Music, dance (especially classical ballet), and film fared somewhat better during the Soviet period. Famous composers of the period included Dmitry Shostakovich and Sergey Prokofiev. Important filmmakers of the early Soviet period were Sergey Eisenstein, known for his mastery of montage; Lev Kuleshov; and Vsevold Pudovkin. Andrey Tarkovsky, who lived abroad from the late 1960s until his death in 1986, was one of the most notable directors of the late Soviet period.

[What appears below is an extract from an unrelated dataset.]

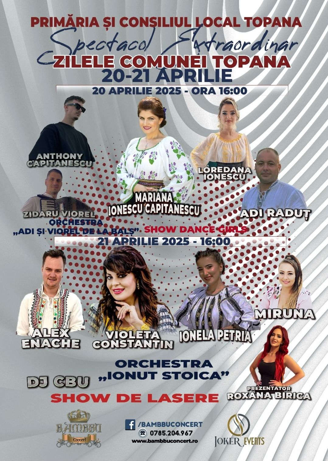 Prezentator al spectacolelor din cele două zile de Paște este Roxana Birică.

Russian achievements in literature, music, ballet, and drama are also well represented in a wide variety of cultural institutions. Russia maintains a huge number of museums of all kinds, including outdoor museums of architectural preservation. Most of the country’s major cultural institutions are in Moscow and Saint Petersburg. Best known to tourists are the Hermitage Museum in Saint Petersburg, one of the world’s great museums, and the Armory Museum in the Moscow Kremlin. Also in Moscow are the Tretyakov Gallery, with a collection devoted to Russian art, the Pushkin Museum of Fine Arts, the Folk-Art Museum, and the Museum of the Revolution, as well as many other smaller, more specialized collections. The Permanent Exhibition of National Economic Achievements in Moscow offers a large display of contemporary achievements in science, industry, and agriculture. To the northeast of Moscow there is a string of a half-dozen old kremlin (citadel) towns that served as seats of government for city-states during the Middle Ages. These have been restored as part of a tourist circuit known as the Golden Ring.

Russia also has thousands of libraries of various kinds. Best known is the Russian State Library in Moscow, which houses more than 30 million volumes in some 250 languages—one of the largest library collections in the world. Other leading libraries include the M. E. Saltykov-Shchedrin Public Library in Saint Petersburg, with about 28.5 million volumes; the Library of the Russian Academy of Sciences, with about 19 million volumes; and Moscow State University Library, with about 6.6 million volumes.

The best-known theaters in Moscow are the Bolshoi (“Big”) Theater, the Maly (“Small”) Theater, and the Moscow Art Theater. In addition, many of the larger productions of the Bolshoi ballet and opera troupes are presented in the Kremlin Palace of Congresses, which seats 6000 people. Other theaters of note in Moscow are the Central Children’s Theater, the Obraztsov Puppet Theater, the Moscow Art Theater, the Stanislavsky and Nemirovich-Danchenko Musical Theater, the Operetta Theater, and the Theater Art Institute. Saint Petersburg has the Mariinskiy Theater of Opera and Ballet, the Maly Theater, and the Pushkin Dramatic Theater.

Government

Executive

In the Russian government, power is concentrated in the executive branch, which is headed by a president. The president has sweeping powers under the 1993 constitution. He or she is directly elected to a six-year term and cannot serve more than two consecutive terms. The president serves as the commander in chief of the armed forces and chairs the Security Council, the central defense decision-making body. Along with the defense minister, the president has control over Russia’s nuclear weapons. The president also has the power to appoint the prime minister, who is second in command. The appointment is subject to ratification by the State Duma; if the State Duma rejects the candidate for prime minister three times, the president can dissolve the legislature and call for new elections.